Anglo American to spend $80 million advancing proposed Pebble Mine – by Laurel Andrews (Alaska Dispatch – April 22, 2013)

The Pebble Partnership plans to spend $80 million this year on advancing its proposed mine in Alaska’s Bristol Bay.

The proposed Pebble Mine, 200 miles southwest of Anchorage, is estimated to hold 81 billion pounds of copper, 107 million ounces of gold and 5 billion pounds of molybdenum, and is said to be one of the largest such deposits in the world. However, the location of the proposed massive open-pit mine — near the breeding grounds of the fertile Bristol Bay salmon fishery — has led to intense scrutiny by opponents of the mine who say it would damage salmon streams that are important both commercially and culturally to the region.

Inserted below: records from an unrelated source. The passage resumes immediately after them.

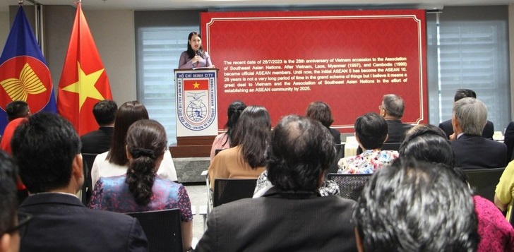 ວັນທີ 11 ສິງຫາ, ຢູ່ນະຄອນ ໂຮ່ຈີມິນ, ສະຫະພັນບັນດາອົງການຈັດຕັ້ງມິດຕະພາຍນະຄອນ, ສະມາຄົມມິດຕະພາບຫວຽດນາມ-ອາຊີຕາເວັນອອກສ່ຽງໃຕ້ ສົມທົບກັບມະຫາວິທະຍາໄລເປີດ ນະຄອນ ໂຮ່ຈີມິນ ໄດ້ຈັດພິທີ ສະເຫຼີມສະຫຼອງ 28 ປີແຫ່ງວັນ ຫວຽດນາມ ເຂົ້າເປັນສະມາຊິກ ອາຊຽນ (28/7/1995 - 28/7/2023) ແລະ 56 ປີແຫ່ງວັນສ້າງຕັ້ງ ອາຊຽນ (8/8/1967 - 8/8/2023).
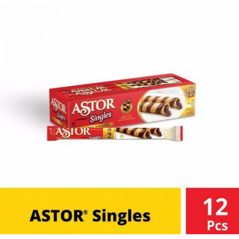 Astor singgle. Kemasan 1 box isi 12 pcs. Manis, renyah,enak buat di makan.
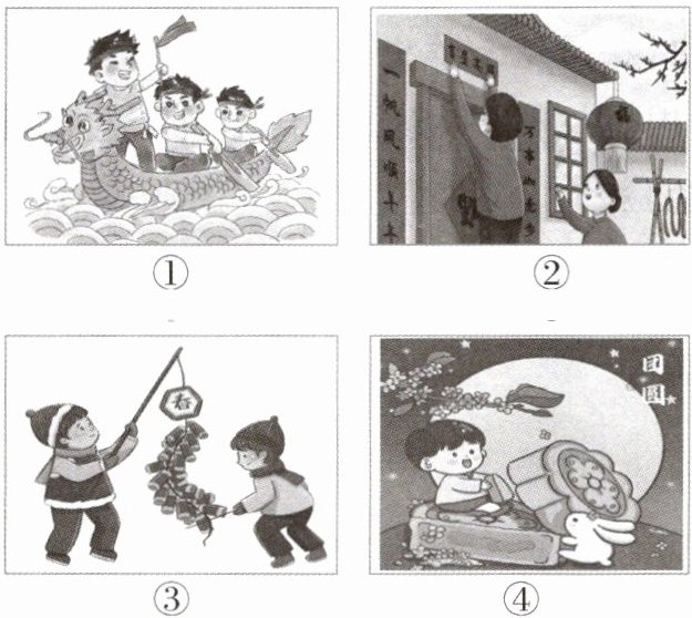 (1)同学们搜集了一些图片(见上图),其中与春节习俗有关的是______。(填写序号即可)
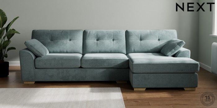 7.2.10 Buy Stamford Buttoned Back Large Sofa Chaise - Right Hand Chunky Chenille Light Teal Green Large Square Angle - Light from the Seasons online shop Click here to use our website with more accessibility support, for example screen readers
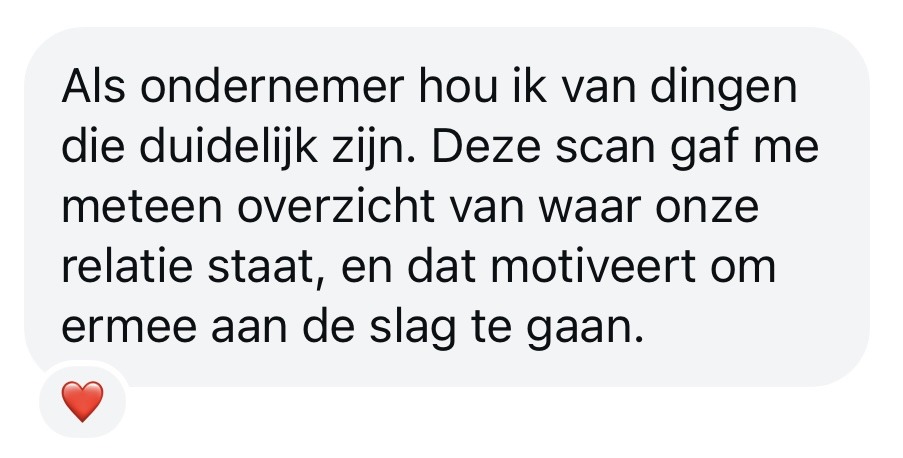 “De RelatieScan™ was erg behulpzaam. Het bood inzicht over onze relatie. Zo werden hierdoor de sterke punten in onze relatie duidelijk en welke gebieden nog verbeterd konden worden. Het bood concrete suggesties om de communicatie te verbeteren en conflicten effectiever aan te pakken.

The Pebble Partnership is 50-50 venture between global mining companies Anglo American and Northern Dynasty. Last year, the Pebble Partnership spent $107 million on preparing the permit application for the proposed mine. To date, the partnership has spent $680 million steering the project toward development.

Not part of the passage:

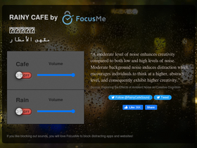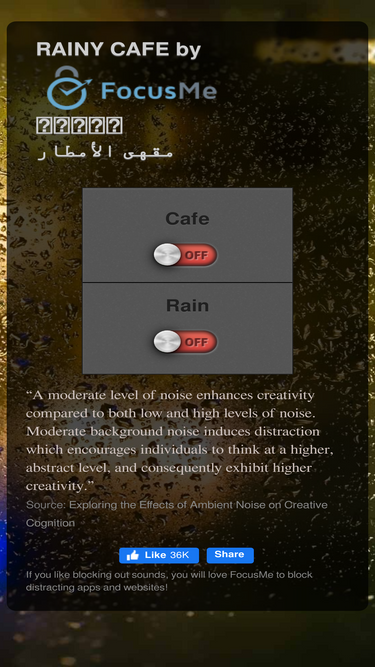 100%Enjoy background white noise to improve your creativity. Choose between rain, a cafe, or combine them for a rainy cafe.
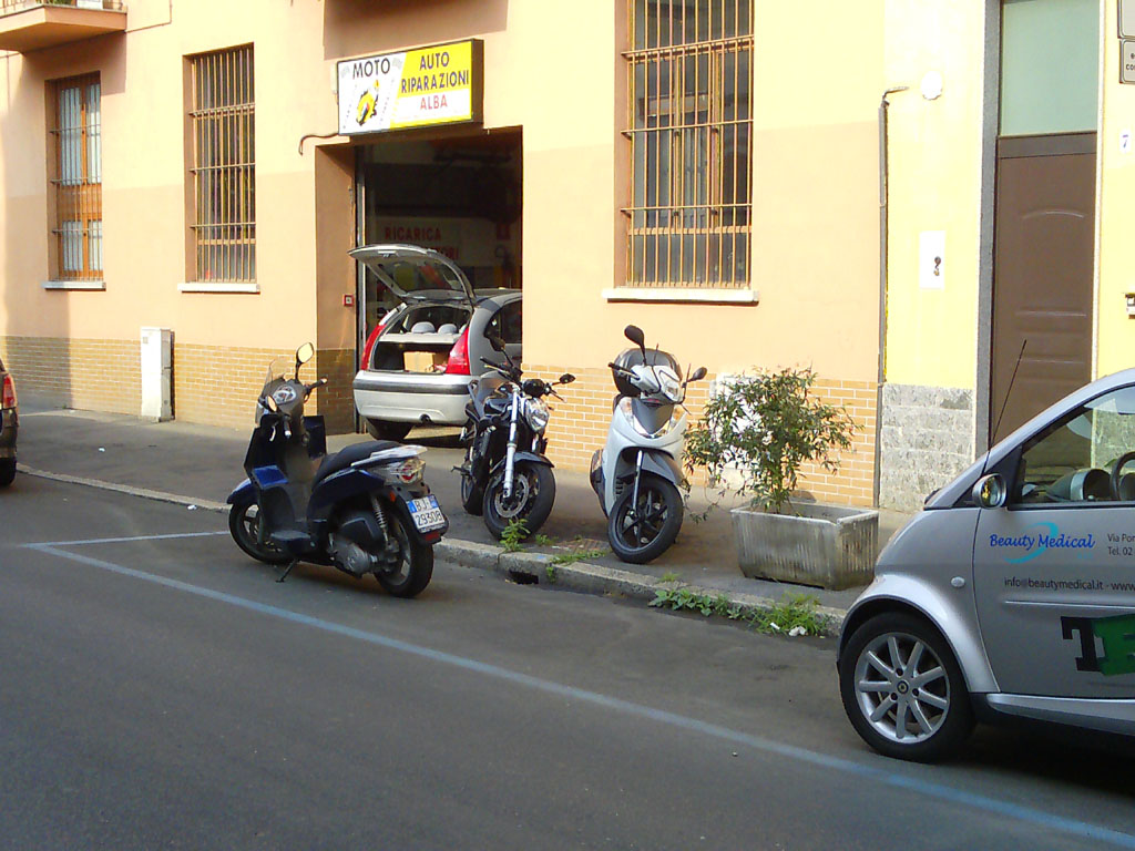 ed infine c’è l’altro meccanico che piazza uno scooter esattamente in mezzo all’area di parcheggio, occupando di fatto lo spazio di una vettura se non di più… (senza contare che non si fa scrupoli a parcheggiare anche numerosi mezzi sul marciapiede).

The $80 million spent this year will come from Anglo American, due to the way the joint venture is structured, said Mike Heatwole, Pebble Partnership spokesperson. This year’s funds will be spent with the goal of developing an overall project description and toward initiating the National Environmental Policy Act (NEPA) permit process.

NEPA permitting represents “the very beginning” of a years-long quest to collect more than 60 permits and approvals from various federal and state agencies, all required before the mine can proceed, Heatwole said.

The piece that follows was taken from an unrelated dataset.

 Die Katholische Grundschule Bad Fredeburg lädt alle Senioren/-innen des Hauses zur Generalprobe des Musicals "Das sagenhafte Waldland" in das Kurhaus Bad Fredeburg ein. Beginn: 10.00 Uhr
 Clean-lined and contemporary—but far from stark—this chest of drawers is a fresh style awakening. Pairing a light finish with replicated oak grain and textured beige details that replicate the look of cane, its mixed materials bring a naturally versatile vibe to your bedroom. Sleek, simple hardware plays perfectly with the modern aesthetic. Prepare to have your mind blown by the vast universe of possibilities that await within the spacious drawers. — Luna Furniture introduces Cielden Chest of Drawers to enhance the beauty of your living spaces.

Four categories of spending on an ‘Alaska challenge’

The Pebble Partnership plans to spend the $80 million across four different categories of study.

First, a portion of the money will go toward engineering studies to assess how to get the minerals at the Pebble deposit out of the ground and on to market, including what is needed in terms of infrastructure and energy. Engineering challenges could almost be classified as an “Alaska challenge,” Heatwole said. “You have a resource that’s in a remote location, and there’s no infrastructure.”

That infrastructure would include a power plant, roads, and dam to support what would be the largest mine in Alaska. The engineering studies are “a very complex bit of work,” and have been going on for years, he said.